[THE INPUT — start]
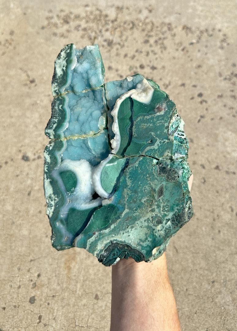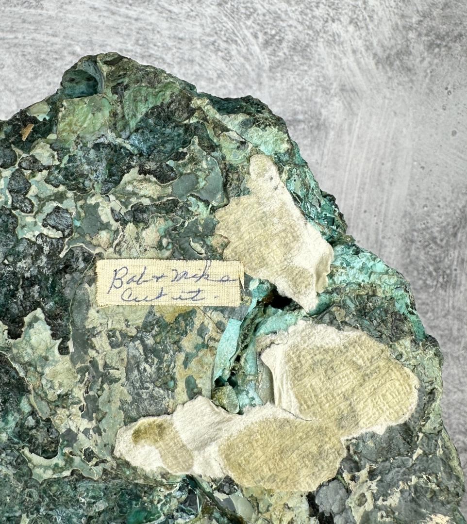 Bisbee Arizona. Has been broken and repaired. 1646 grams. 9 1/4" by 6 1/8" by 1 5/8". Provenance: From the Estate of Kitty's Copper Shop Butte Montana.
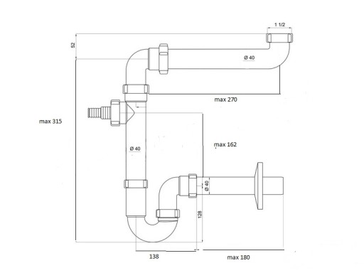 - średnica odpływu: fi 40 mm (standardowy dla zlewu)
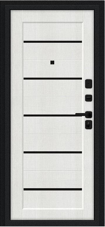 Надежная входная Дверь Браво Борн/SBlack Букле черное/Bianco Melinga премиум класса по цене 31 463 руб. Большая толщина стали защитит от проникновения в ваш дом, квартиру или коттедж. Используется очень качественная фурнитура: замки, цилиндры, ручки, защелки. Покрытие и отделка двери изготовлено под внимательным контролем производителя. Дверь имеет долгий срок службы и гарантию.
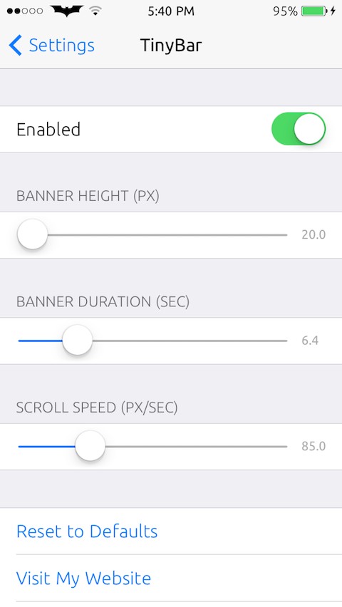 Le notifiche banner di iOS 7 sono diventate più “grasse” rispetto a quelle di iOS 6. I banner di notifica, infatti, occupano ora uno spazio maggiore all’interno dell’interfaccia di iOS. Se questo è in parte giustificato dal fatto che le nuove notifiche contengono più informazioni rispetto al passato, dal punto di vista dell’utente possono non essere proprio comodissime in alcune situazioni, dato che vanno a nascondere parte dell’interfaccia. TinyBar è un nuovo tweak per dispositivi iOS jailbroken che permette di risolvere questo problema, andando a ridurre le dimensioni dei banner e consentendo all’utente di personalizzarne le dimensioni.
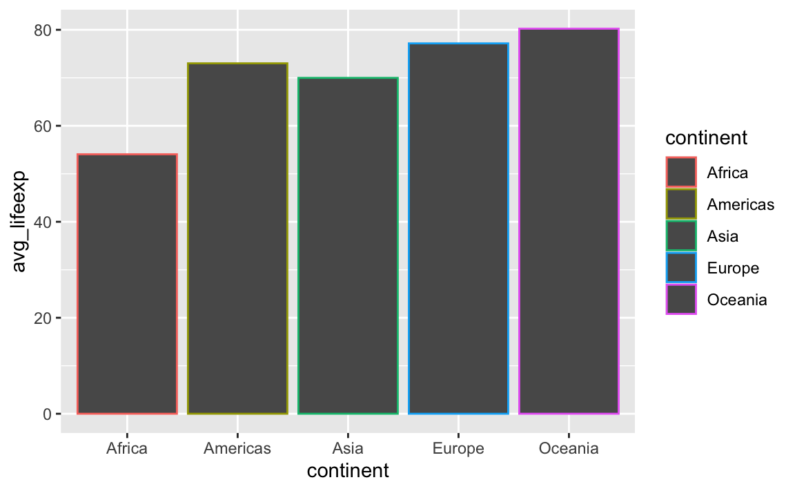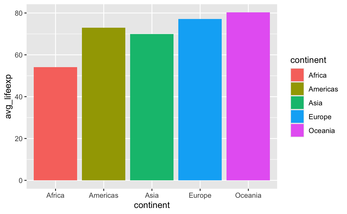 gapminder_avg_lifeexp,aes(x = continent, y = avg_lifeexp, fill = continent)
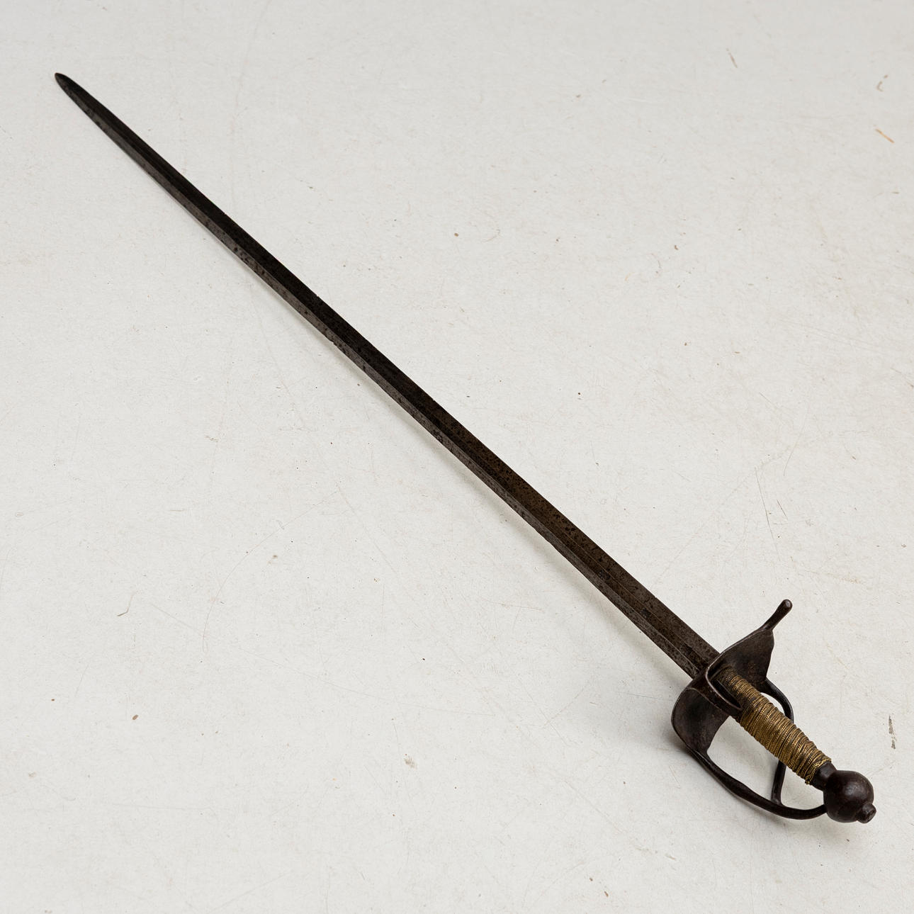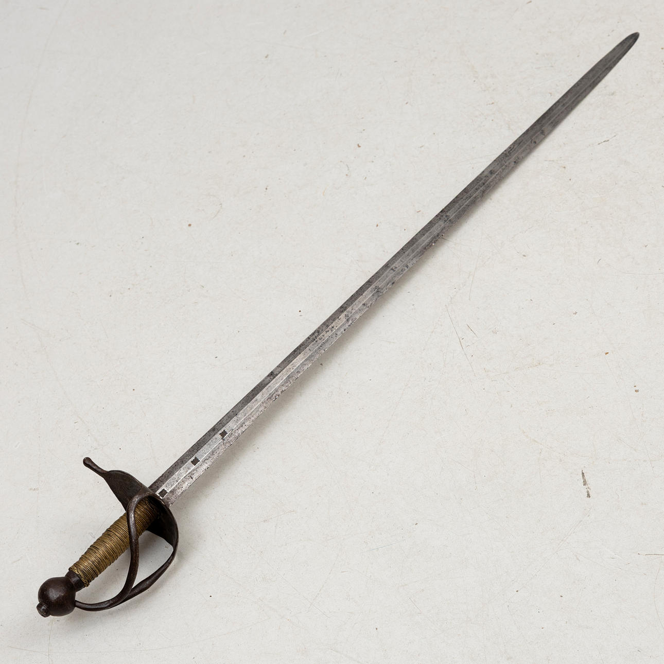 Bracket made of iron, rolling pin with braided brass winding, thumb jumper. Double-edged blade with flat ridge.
[THE INPUT — finish]
WORK TO BE COMPLETED -> I need the entries printed exactly, with each picture left out.

RESPONSE TO THIS EXERCISE ->
 Bisbee Arizona. Has been broken and repaired. 1646 grams. 9 1/4" by 6 1/8" by 1 5/8". Provenance: From the Estate of Kitty's Copper Shop Butte Montana.
 - średnica odpływu: fi 40 mm (standardowy dla zlewu)
 Надежная входная Дверь Браво Борн/SBlack Букле черное/Bianco Melinga премиум класса по цене 31 463 руб. Большая толщина стали защитит от проникновения в ваш дом, квартиру или коттедж. Используется очень качественная фурнитура: замки, цилиндры, ручки, защелки. Покрытие и отделка двери изготовлено под внимательным контролем производителя. Дверь имеет долгий срок службы и гарантию.
 Le notifiche banner di iOS 7 sono diventate più “grasse” rispetto a quelle di iOS 6. I banner di notifica, infatti, occupano ora uno spazio maggiore all’interno dell’interfaccia di iOS. Se questo è in parte giustificato dal fatto che le nuove notifiche contengono più informazioni rispetto al passato, dal punto di vista dell’utente possono non essere proprio comodissime in alcune situazioni, dato che vanno a nascondere parte dell’interfaccia. TinyBar è un nuovo tweak per dispositivi iOS jailbroken che permette di risolvere questo problema, andando a ridurre le dimensioni dei banner e consentendo all’utente di personalizzarne le dimensioni.
 gapminder_avg_lifeexp,aes(x = continent, y = avg_lifeexp, fill = continent)
 Bracket made of iron, rolling pin with braided brass winding, thumb jumper. Double-edged blade with flat ridge.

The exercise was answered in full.